**Task goal**
Please output the data exactly, minus pictures.

**** Dataset content ****

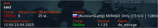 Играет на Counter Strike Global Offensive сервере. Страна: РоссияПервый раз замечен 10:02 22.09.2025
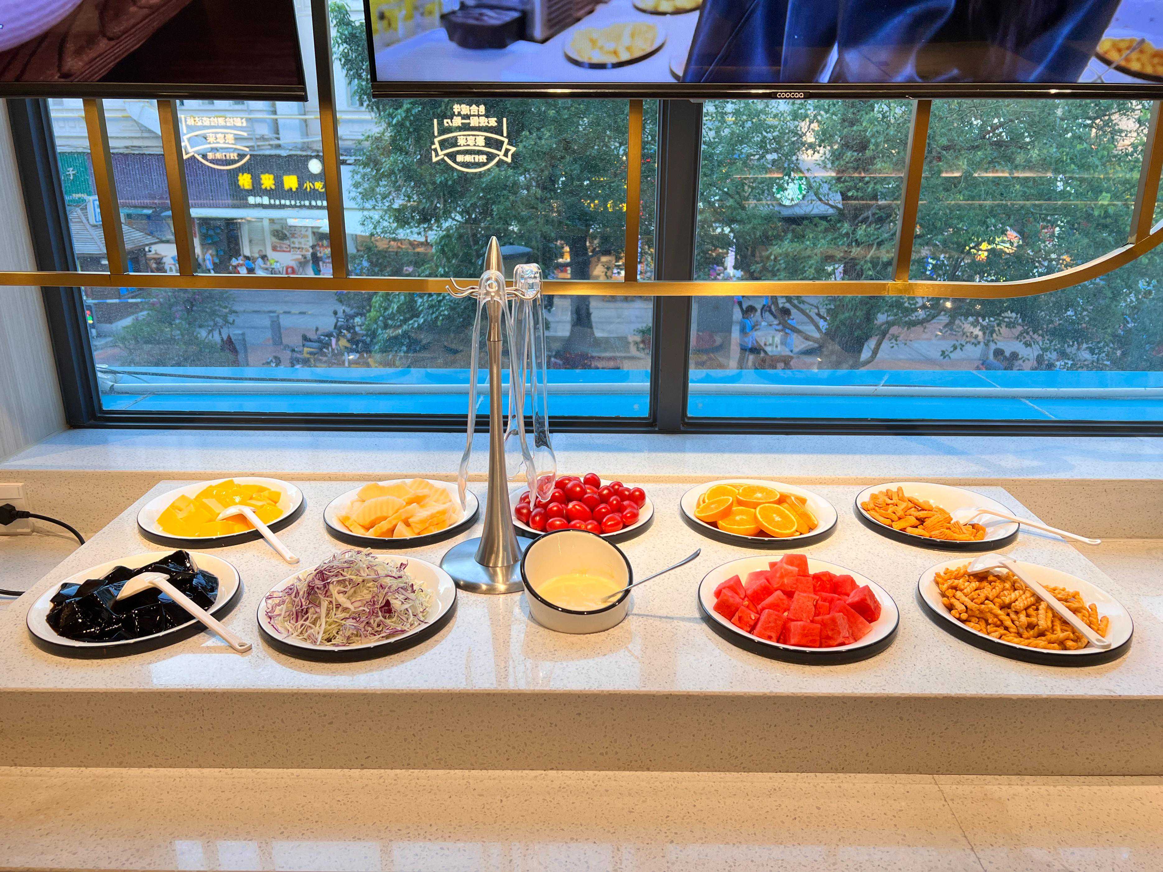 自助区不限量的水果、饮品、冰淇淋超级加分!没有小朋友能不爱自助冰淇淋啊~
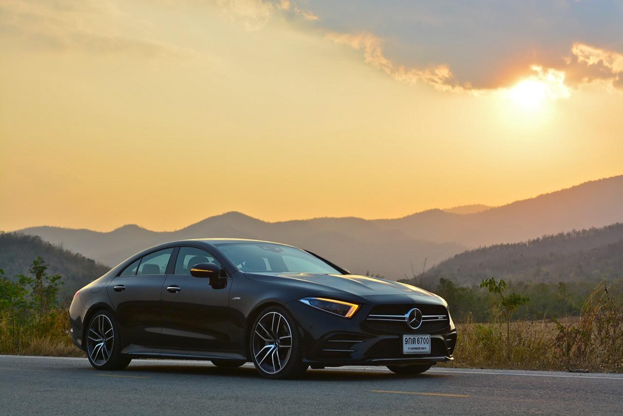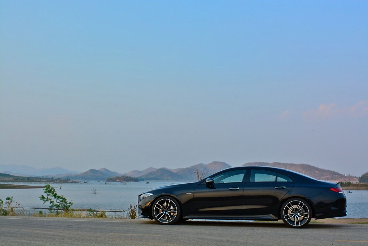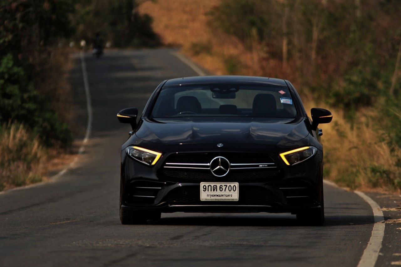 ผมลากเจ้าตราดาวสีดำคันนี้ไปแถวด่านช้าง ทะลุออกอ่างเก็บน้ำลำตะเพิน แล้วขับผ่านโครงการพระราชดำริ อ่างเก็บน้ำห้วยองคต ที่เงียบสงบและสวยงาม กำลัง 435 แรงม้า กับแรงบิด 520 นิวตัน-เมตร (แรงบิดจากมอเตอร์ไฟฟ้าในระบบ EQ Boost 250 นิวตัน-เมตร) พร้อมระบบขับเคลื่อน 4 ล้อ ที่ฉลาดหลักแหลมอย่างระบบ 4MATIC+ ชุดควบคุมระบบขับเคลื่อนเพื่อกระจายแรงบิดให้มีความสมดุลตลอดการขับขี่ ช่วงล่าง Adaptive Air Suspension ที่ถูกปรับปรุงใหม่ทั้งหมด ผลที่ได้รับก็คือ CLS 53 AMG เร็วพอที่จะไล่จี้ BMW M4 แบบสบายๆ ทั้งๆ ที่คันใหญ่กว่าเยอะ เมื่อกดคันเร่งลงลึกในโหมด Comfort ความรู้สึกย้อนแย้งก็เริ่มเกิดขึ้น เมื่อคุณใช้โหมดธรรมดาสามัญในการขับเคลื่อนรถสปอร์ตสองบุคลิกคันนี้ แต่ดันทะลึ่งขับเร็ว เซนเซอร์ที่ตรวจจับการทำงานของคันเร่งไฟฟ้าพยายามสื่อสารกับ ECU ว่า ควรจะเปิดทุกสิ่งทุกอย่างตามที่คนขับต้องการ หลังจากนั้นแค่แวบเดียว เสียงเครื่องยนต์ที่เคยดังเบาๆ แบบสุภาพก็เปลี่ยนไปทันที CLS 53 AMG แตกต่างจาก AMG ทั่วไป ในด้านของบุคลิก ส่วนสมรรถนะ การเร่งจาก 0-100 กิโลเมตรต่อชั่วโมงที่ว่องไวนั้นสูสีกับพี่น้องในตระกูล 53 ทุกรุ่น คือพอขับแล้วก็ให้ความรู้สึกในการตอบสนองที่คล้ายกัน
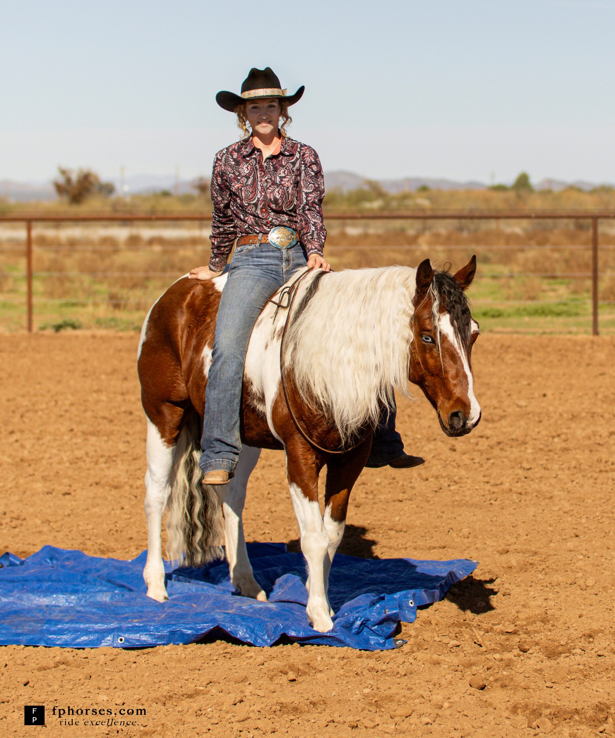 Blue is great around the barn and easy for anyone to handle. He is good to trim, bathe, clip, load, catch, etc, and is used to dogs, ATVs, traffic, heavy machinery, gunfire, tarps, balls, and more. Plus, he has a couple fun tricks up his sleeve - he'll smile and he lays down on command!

****

**Completed task**
 Играет на Counter Strike Global Offensive сервере. Страна: РоссияПервый раз замечен 10:02 22.09.2025
 自助区不限量的水果、饮品、冰淇淋超级加分!没有小朋友能不爱自助冰淇淋啊~
 ผมลากเจ้าตราดาวสีดำคันนี้ไปแถวด่านช้าง ทะลุออกอ่างเก็บน้ำลำตะเพิน แล้วขับผ่านโครงการพระราชดำริ อ่างเก็บน้ำห้วยองคต ที่เงียบสงบและสวยงาม กำลัง 435 แรงม้า กับแรงบิด 520 นิวตัน-เมตร (แรงบิดจากมอเตอร์ไฟฟ้าในระบบ EQ Boost 250 นิวตัน-เมตร) พร้อมระบบขับเคลื่อน 4 ล้อ ที่ฉลาดหลักแหลมอย่างระบบ 4MATIC+ ชุดควบคุมระบบขับเคลื่อนเพื่อกระจายแรงบิดให้มีความสมดุลตลอดการขับขี่ ช่วงล่าง Adaptive Air Suspension ที่ถูกปรับปรุงใหม่ทั้งหมด ผลที่ได้รับก็คือ CLS 53 AMG เร็วพอที่จะไล่จี้ BMW M4 แบบสบายๆ ทั้งๆ ที่คันใหญ่กว่าเยอะ เมื่อกดคันเร่งลงลึกในโหมด Comfort ความรู้สึกย้อนแย้งก็เริ่มเกิดขึ้น เมื่อคุณใช้โหมดธรรมดาสามัญในการขับเคลื่อนรถสปอร์ตสองบุคลิกคันนี้ แต่ดันทะลึ่งขับเร็ว เซนเซอร์ที่ตรวจจับการทำงานของคันเร่งไฟฟ้าพยายามสื่อสารกับ ECU ว่า ควรจะเปิดทุกสิ่งทุกอย่างตามที่คนขับต้องการ หลังจากนั้นแค่แวบเดียว เสียงเครื่องยนต์ที่เคยดังเบาๆ แบบสุภาพก็เปลี่ยนไปทันที CLS 53 AMG แตกต่างจาก AMG ทั่วไป ในด้านของบุคลิก ส่วนสมรรถนะ การเร่งจาก 0-100 กิโลเมตรต่อชั่วโมงที่ว่องไวนั้นสูสีกับพี่น้องในตระกูล 53 ทุกรุ่น คือพอขับแล้วก็ให้ความรู้สึกในการตอบสนองที่คล้ายกัน
 Blue is great around the barn and easy for anyone to handle. He is good to trim, bathe, clip, load, catch, etc, and is used to dogs, ATVs, traffic, heavy machinery, gunfire, tarps, balls, and more. Plus, he has a couple fun tricks up his sleeve - he'll smile and he lays down on command!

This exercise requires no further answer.